胖子掌櫃也曾聽說過,江湖上有這麼一個組織,全由武道修為頗高的平民組成,盡行殺富濟貧之舉,朝廷三番五次下命追剿,最後都不了了之,因為他們的行蹤飄浮不定,又沒有固定的居所,你就是想抓,也不知道上哪抓去,更何況這些人皆是武道修為頗高的亡命之徒,刑部的捕快根本就不是他們的對手,只有裝備精良的禁衛軍倒還能跟他們鬥一鬥。

掌櫃的沉思良久,他見馬爾達上尉今日親自出馬,而且此人又是巴洛克親王的人,應該不會有詐,便大聲笑道:

“配合禁衛軍捉拿兇犯是我們的榮幸,希望樓上樓下各位客觀也多多體諒一二。”

來這吃飯的多是貴族子弟,一聽說有如此兇犯闖進了望雲樓,紛紛起身往外逃命而去,門口的小二還想跟他們要酒菜錢,結果臉上結結實實地捱了幾耳光。

“他媽的!大爺來你這吃飯是給你們面子,還跟大爺要錢,我看你是老壽星吃砒霜--活得不耐煩了!”

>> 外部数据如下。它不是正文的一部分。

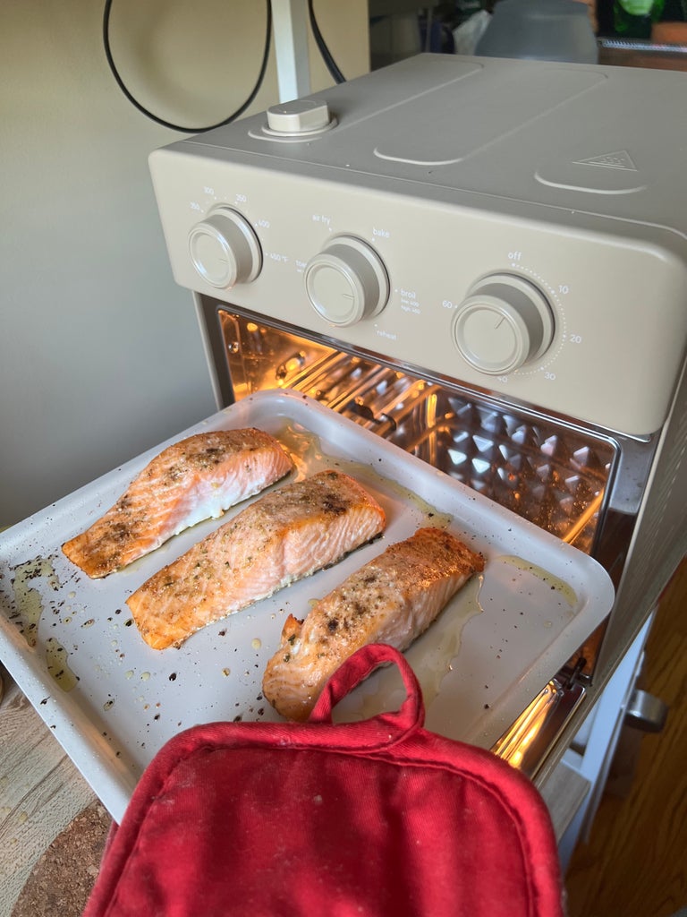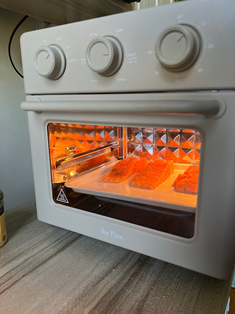 As a victim of my home oven’s uneven heat distribution as well as my unsatisfactory cooking skills, this beginner-friendly invention sounded too good to be true — albeit a dream. How can something so cute claim to crisp whole chickens, sizzle salmon fillets, bake bread, and more? So, I did what any lifestyle shopping writer would do. I reached out to Our Place, plugged in the Wonder Oven, and put it to the test the second I finished reading the manual. Read on to see how well this brave little toaster handled a full-fledged salmon dinner all from the comfort of my kitchenette’s countertop.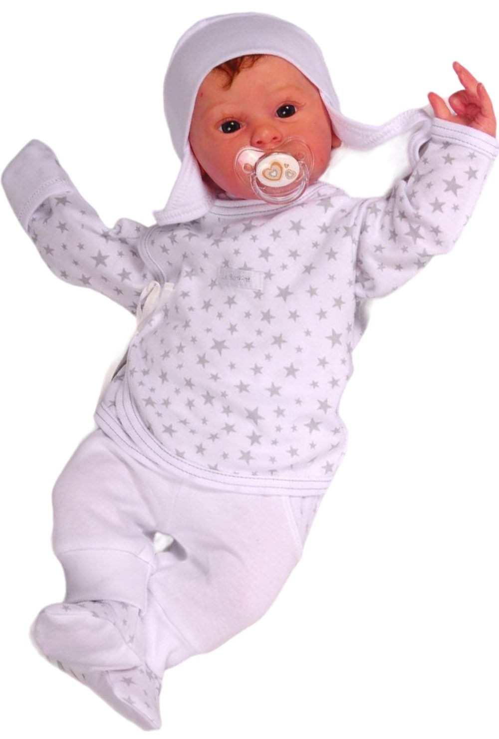Wir freuen uns, Ihnen unseren bezaubernden 3-teiligen Baby Anzug vorzustellen, bestehend aus einer Hose mit Füßchen, einem Wickelshirt mit Kratzschutz und einer süßen Mütze. Dieser Anzug ist aus hochwertiger 100% Baumwolle gefertigt, um Ihrem Baby einen hohen Tragekomfort und beste Materialqualität zu bieten. Die Hose mit Füßchen ist ein praktisches und bequemes Kleidungsstück für Ihr Baby. Sie hält die Füßchen Ihres kleinen Lieblings warm und ist besonders für die kälteren Tage oder klimatisierten Räume geeignet. Die Hose schmiegt sich sanft um die Beinchen Ihres Babys und ermöglicht maximale Bewegungsfreiheit. Das Wickelshirt verfügt über einen Kratzschutz an den Ärmelenden, um das sensible Gesicht und die Haut Ihres Babys vor ungewolltem Kratzen zu schützen. Das Wickel-Design ermöglicht ein einfaches An- und Ausziehen, ohne das Baby zu stören. Die Wickeltechnik ist besonders praktisch, um das Wickeln und Umziehen für Sie als Eltern zu erleichtern. Die süße Mütze rundet den Baby Anzug perfekt ab. Sie hält das Köpfchen Ihres Babys warm und schützt es vor Zugluft. Die Mütze verleiht Ihrem Baby einen liebenswerten Look und ist ideal für kühle Tage oder als Sonnenschutz im Freien geeignet. Unser 3-teiliger Baby Anzug aus 100% Baumwolle ist nicht nur äußerst weich und bequem, sondern auch besonders hautfreundlich und atmungsaktiv. Die Verwendung von Baumwolle garantiert, dass Ihr Baby sich in diesem Anzug rundum wohlfühlt. Dieser Anzug ist sowohl für Jungen als auch für Mädchen geeignet und eignet sich perfekt als Geschenk für frischgebackene Eltern oder als süße Ergänzung für die Babygarderobe. Unser 3-teiliger Baby Anzug mit Hose, Wickelshirt und Mütze bietet eine liebevolle Kombination aus Funktionalität und Stil. Die hochwertige Baumwollqualität und die liebevollen Details machen diesen Anzug zu einem unverzichtbaren Kleidungsstück für Ihr Baby. Gönnen Sie Ihrem kleinen Schatz das Beste mit unserem 3-teiligen Baby Anzug aus 100% Baumwolle! Bestellen Sie noch heute und sorgen Sie für Komfort und Geborgenheit für Ihr Baby

啪啪,又是兩巴掌,頓時,門口兩個小二的左臉和右臉變得一樣又紅又腫。

樓裡的客人受驚之下紛紛起身跑了,掌櫃的倒不心疼這些酒菜錢,只是這事要是傳了出去,這酒樓的聲譽會大受影響!

馬爾達上尉寬慰道:

“只要你協助我們把這賊人抓了,明日禁衛軍發全城通告表彰貴酒樓的義舉!”

“如此那就先謝過上尉大人了,如若有什麼要幫忙的,請儘管開口!”

馬爾達手持馬鞭站起來說道:

“也沒什麼要勞煩掌櫃的,就是貴酒樓派幾個人跟著,別到時候少了什麼東西怪罪到禁衛軍頭上來,那就不好了!”

掌櫃地彎腰陪笑道:

“馬爾達上尉說笑了,就是給我一百個膽子,也不敢往禁衛軍頭上潑髒水啊!”

嘴裡雖這樣說著,但背身對下面的夥計使了使眼色,讓他們跟緊點,雖然他自信禁衛軍在酒樓裡是查不到什麼的,但以防萬一,他還是讓下面的人跟著,別讓這幫當兵的給他整出什麼妖蛾子來。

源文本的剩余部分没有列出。